When asked if it was hard to identify all of the women, Olson said most were pretty easy to track down, but there were a few that came to haunt her.
“One-third of all the names gave me trouble,” she said. “For these more challenging names, I used actual physical items to try and identify them. Take Jerry Kane for example.

“Jerry eluded me for a good long while. I knew Jerry could be a nickname or the husband’s name, but I just couldn’t confirm it," Olson said. "This name was listed as a donor on two dozen or so single-item collections in SCUA with much of the information coming from Austin, Nev. I could not find any instance of this name in any of the existing metadata available to me. There were no records in any of SCUA’s departmental donor files. However, since there were several collections associated with Jerry when came to SCUA into existence, I was able to look at the old card catalog and pull everything available connected to Jerry.

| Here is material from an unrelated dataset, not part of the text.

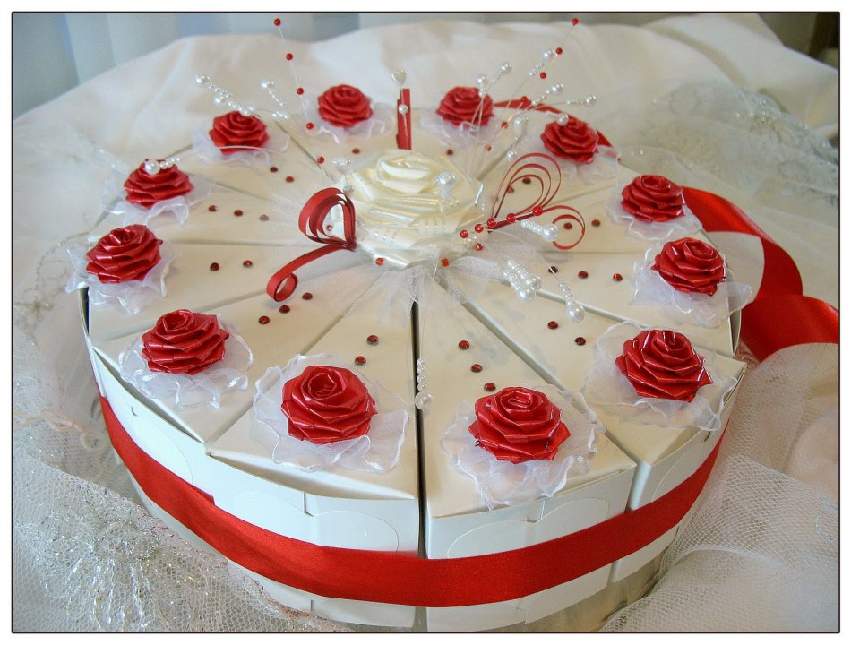- на свадьбу — прекрасный вариант подарить молодым денежную сумму в каждом кусочке, где вы укажете на что желательно ее потратить

"In doing this, I pulled everything I could find associated with this name and I wound up finding a piece of mail addressed to ‘Sylvia Kane in San Francisco' tucked into an old business ledger. I now had a real piece of mail with the missing name and an address. With this information in-hand, I used census records and the San Francisco Public Library’s municipal archive, which includes old phone books, to find and identify This is how I found Sylvia Kane."
When the project was complete, nearly 300 women had been identified.
Winning the Journal of Western Archives "Best General Interest Award" for the period 2020-2024
Olson said this project helped her find her research interests while allowing her to lean into the public services and discoverability parts of her job.
“I know that it is not intuitive to search the archive,” she said. “The platforms are very literal and students present overcomplex search strings. I have to teach them to keep it simple when searching. Use two words and always use the filter tools available.”
After reviewing data on how users enter their search terms, Olson knew she was onto something with wanting to complete the Mrs. His Name project.
“I really liked the practical application of this project,” she said. “I can’t say for sure if the changes I made have had impact, but I do know it only takes one Libraries user to find a person in the archive for it to matter. This is the first academic paper I’ve written since graduate school, receiving the award was an incredible boost for me personally. I didn’t even know the Journal of Western Archives did awards. It was very satisfying to see the email from the them in my in-box."